Here’s what I didn’t like

Poor overall sound and voice acting – Every aspect of sound in this game was jarring and borderline laughable. The dialogue is written at an elementary level, and I quickly found myself skipping through many unnecessary conversations with quest givers. The voice acting is insultingly bad, probably the worst I’ve heard in a few years. The overall sound effects for in-game action are improperly tuned, so that the zombies sounded like a whisper, while the soldiers and my weapons had me turning the volume down on my television during action sequences and back up during conversational ones. The musical composition for Dead Effect 2 is its redeeming aspect, and to be honest, I might look into purchasing the soundtrack if it’s available. The score sounds inspired by Hans Zimmer’s Interstellar and the soundtrack for 2001: A Space Odyssey. Excellent choices for a sci-fi horror video game soundtrack.

Bad interface and menus – While the action and leveling in Dead Effect 2 is fun, navigating the interface and menus is not.
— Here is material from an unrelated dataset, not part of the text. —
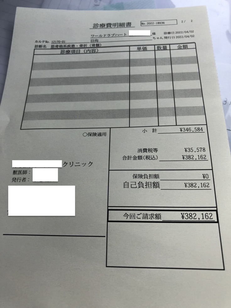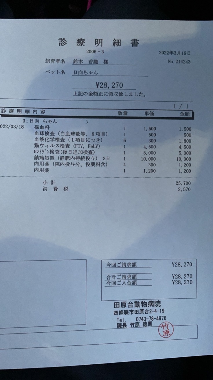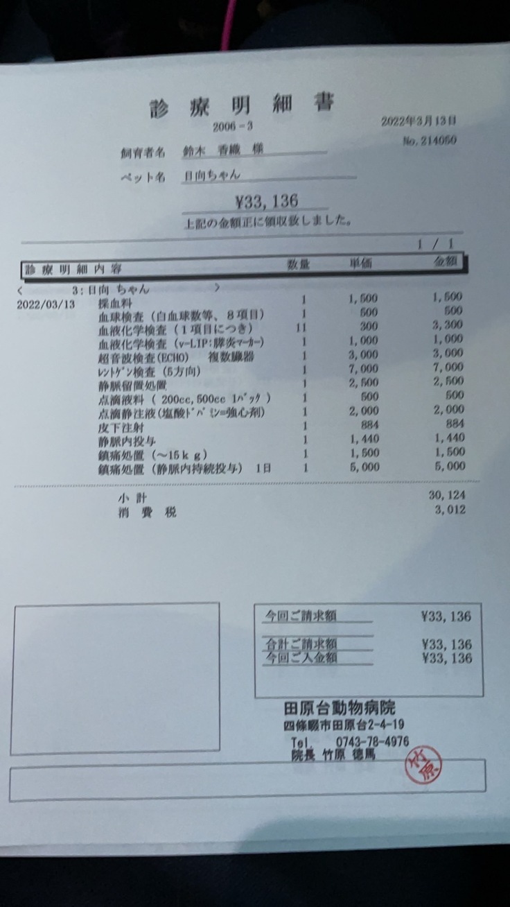 懸命にお世話をしておりますが、万が一、治療の途中で日向が亡くなってしまった場合、誠に勝手ながら返金は致しかねます。今までの治療費に充当させて下さい。

The font is extremely small while shopping for weapons, gear and new abilities, so deciphering what they said was a chore. The bland blue menus were a pain on the eyes after an hour or so of playing, and by the end of the game, I simply couldn’t stand another poorly made menu to slog through. The system for buying, selling and upgrading gear desperately needs an overhaul. More than once I had an older version of the same weapon equipped, as you need to manually sell it in the store piece by piece. Oh, and there isn’t a buyback feature if you make a mistake. I learned that the hard way. Luckily for Dead Effect 2, the menus aren’t too frequent, so it doesn’t hurt that much.

Lack of multiplayer – It’s worth noting that the Xbox One version of the game doesn’t include co-op or multiplayer. While it would be an excellent addition to give the player even more reasons to return to the game, it really isn’t necessary. Perhaps those who have played Dead Effect 2 on another platform will feel cheated, but for a first-time experience, the game feels polished without it.



While Dead Effect 2 had its bumps and rocky moments, I certainly enjoyed playing through the game. I’d even go as far as to say the bad dialogue and accents sort of grew on me by the end. For $11.99, this game feels like an absolute steal when considering the high replay value and three different types of classes to play as through the story. Dead Effect 2 is worth the buy.

Score: Highly Recommended

Dead Effect 2 was developed and published by Badfly Interactive, a.s. It was released for Xbox One on January 13th, 2017 for $11.99. An early copy was provided for review purposes.